- **About this task**: For the listing below, output exactly the lines from the line with "Weighing in at" up to and including the line with "對于half bridge 實現ZVS", and no other lines.

- **Records for this task**:
_ _ _
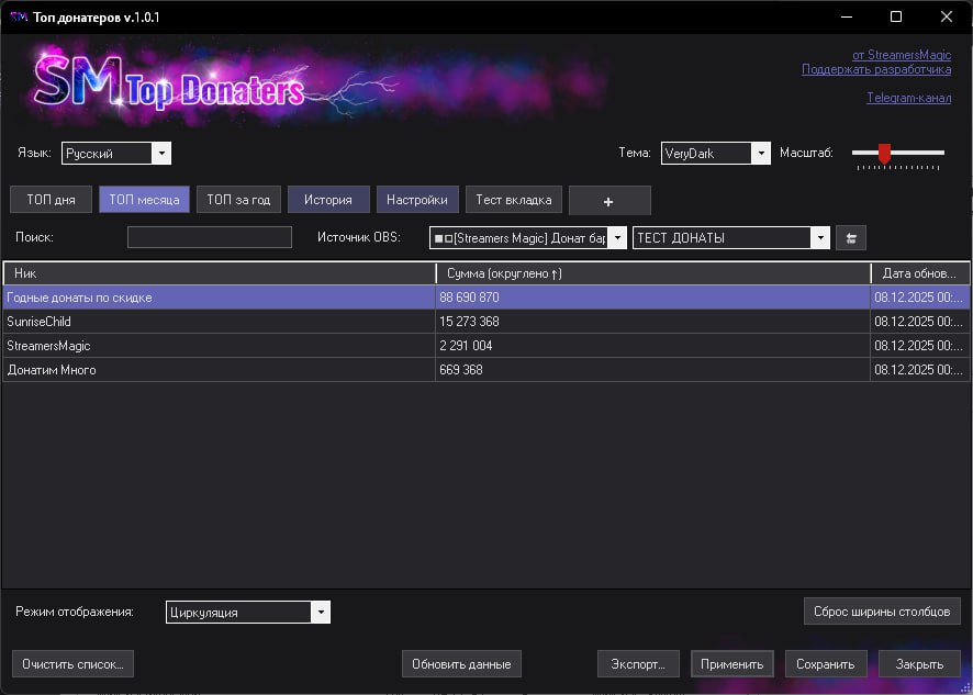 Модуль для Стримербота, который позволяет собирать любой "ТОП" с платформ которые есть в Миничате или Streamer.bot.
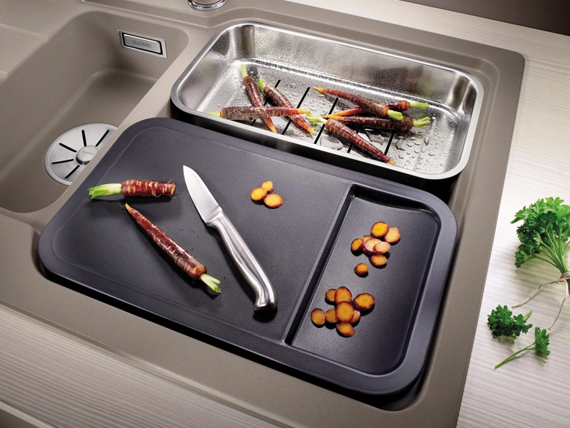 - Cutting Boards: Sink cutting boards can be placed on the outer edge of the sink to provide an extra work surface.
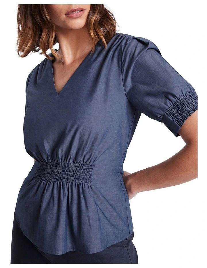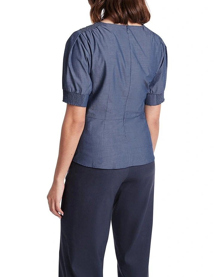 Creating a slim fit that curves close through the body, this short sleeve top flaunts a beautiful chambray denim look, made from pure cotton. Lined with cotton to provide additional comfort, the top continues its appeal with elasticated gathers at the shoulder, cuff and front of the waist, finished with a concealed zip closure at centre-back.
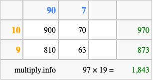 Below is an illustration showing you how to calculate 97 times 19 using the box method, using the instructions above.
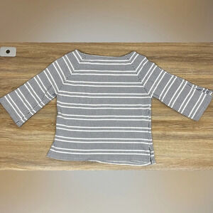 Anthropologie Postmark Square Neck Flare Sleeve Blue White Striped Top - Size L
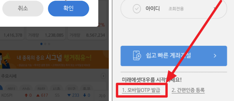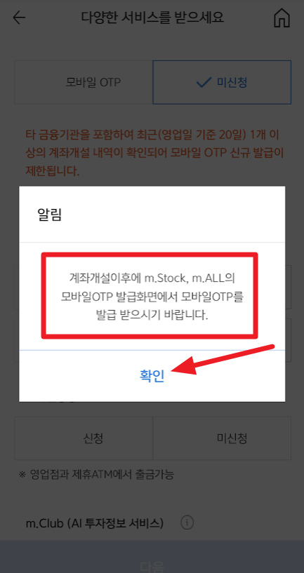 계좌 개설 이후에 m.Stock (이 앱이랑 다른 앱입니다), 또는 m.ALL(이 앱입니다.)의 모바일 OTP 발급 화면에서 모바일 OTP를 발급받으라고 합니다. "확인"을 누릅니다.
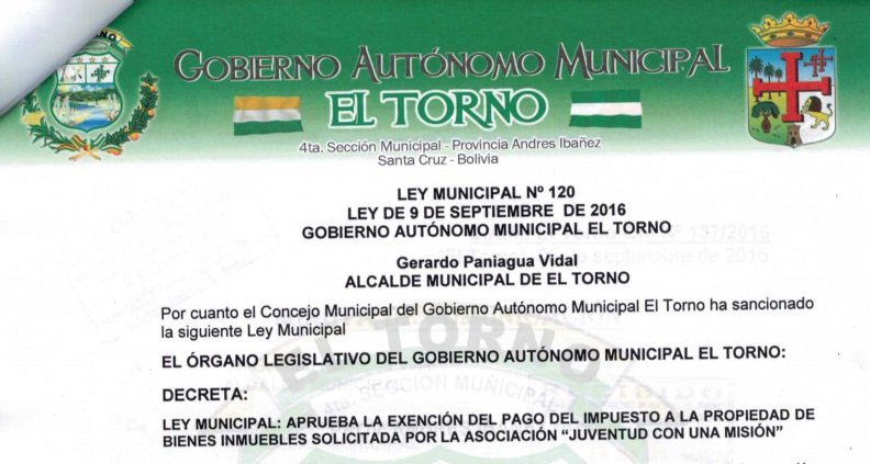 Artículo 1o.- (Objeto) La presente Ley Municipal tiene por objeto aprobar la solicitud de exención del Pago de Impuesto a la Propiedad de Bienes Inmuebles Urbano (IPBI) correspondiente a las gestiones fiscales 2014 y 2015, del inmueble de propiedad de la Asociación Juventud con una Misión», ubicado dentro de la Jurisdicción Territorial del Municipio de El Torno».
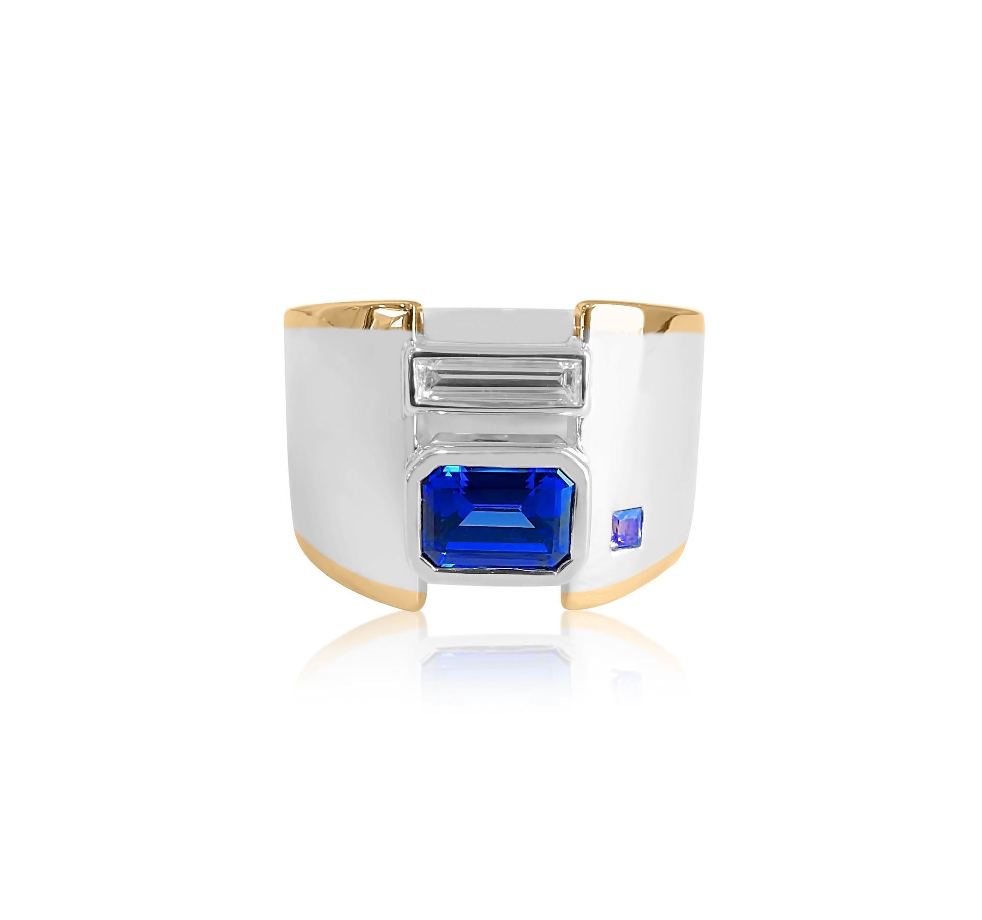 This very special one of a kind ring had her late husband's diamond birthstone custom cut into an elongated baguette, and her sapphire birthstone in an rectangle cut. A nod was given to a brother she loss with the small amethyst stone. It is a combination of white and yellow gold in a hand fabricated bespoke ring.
_ _ _
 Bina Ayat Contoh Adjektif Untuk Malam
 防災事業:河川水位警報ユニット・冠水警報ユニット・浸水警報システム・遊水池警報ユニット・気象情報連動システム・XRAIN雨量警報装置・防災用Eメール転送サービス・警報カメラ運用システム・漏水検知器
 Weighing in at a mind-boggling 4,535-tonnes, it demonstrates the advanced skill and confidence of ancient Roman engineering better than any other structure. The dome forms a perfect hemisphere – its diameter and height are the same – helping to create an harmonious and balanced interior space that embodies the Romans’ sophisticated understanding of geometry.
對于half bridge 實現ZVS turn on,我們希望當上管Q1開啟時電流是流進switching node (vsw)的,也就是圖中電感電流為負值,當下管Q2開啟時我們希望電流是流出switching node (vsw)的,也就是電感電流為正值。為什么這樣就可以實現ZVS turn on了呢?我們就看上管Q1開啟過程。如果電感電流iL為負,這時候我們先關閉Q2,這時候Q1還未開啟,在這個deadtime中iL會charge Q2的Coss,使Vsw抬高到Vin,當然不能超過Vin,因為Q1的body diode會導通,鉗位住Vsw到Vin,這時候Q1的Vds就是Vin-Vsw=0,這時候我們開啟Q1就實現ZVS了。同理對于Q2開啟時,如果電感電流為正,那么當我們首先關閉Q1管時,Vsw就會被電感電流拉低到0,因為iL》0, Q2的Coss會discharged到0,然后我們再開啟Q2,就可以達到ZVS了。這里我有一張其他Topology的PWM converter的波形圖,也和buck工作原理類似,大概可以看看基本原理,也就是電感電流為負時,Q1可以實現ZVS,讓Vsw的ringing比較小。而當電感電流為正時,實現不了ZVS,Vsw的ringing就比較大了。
_ _ _
- **Exercise response**:
 Weighing in at a mind-boggling 4,535-tonnes, it demonstrates the advanced skill and confidence of ancient Roman engineering better than any other structure. The dome forms a perfect hemisphere – its diameter and height are the same – helping to create an harmonious and balanced interior space that embodies the Romans’ sophisticated understanding of geometry.
對于half bridge 實現ZVS turn on,我們希望當上管Q1開啟時電流是流進switching node (vsw)的,也就是圖中電感電流為負值,當下管Q2開啟時我們希望電流是流出switching node (vsw)的,也就是電感電流為正值。為什么這樣就可以實現ZVS turn on了呢?我們就看上管Q1開啟過程。如果電感電流iL為負,這時候我們先關閉Q2,這時候Q1還未開啟,在這個deadtime中iL會charge Q2的Coss,使Vsw抬高到Vin,當然不能超過Vin,因為Q1的body diode會導通,鉗位住Vsw到Vin,這時候Q1的Vds就是Vin-Vsw=0,這時候我們開啟Q1就實現ZVS了。同理對于Q2開啟時,如果電感電流為正,那么當我們首先關閉Q1管時,Vsw就會被電感電流拉低到0,因為iL》0, Q2的Coss會discharged到0,然后我們再開啟Q2,就可以達到ZVS了。這里我有一張其他Topology的PWM converter的波形圖,也和buck工作原理類似,大概可以看看基本原理,也就是電感電流為負時,Q1可以實現ZVS,讓Vsw的ringing比較小。而當電感電流為正時,實現不了ZVS,Vsw的ringing就比較大了。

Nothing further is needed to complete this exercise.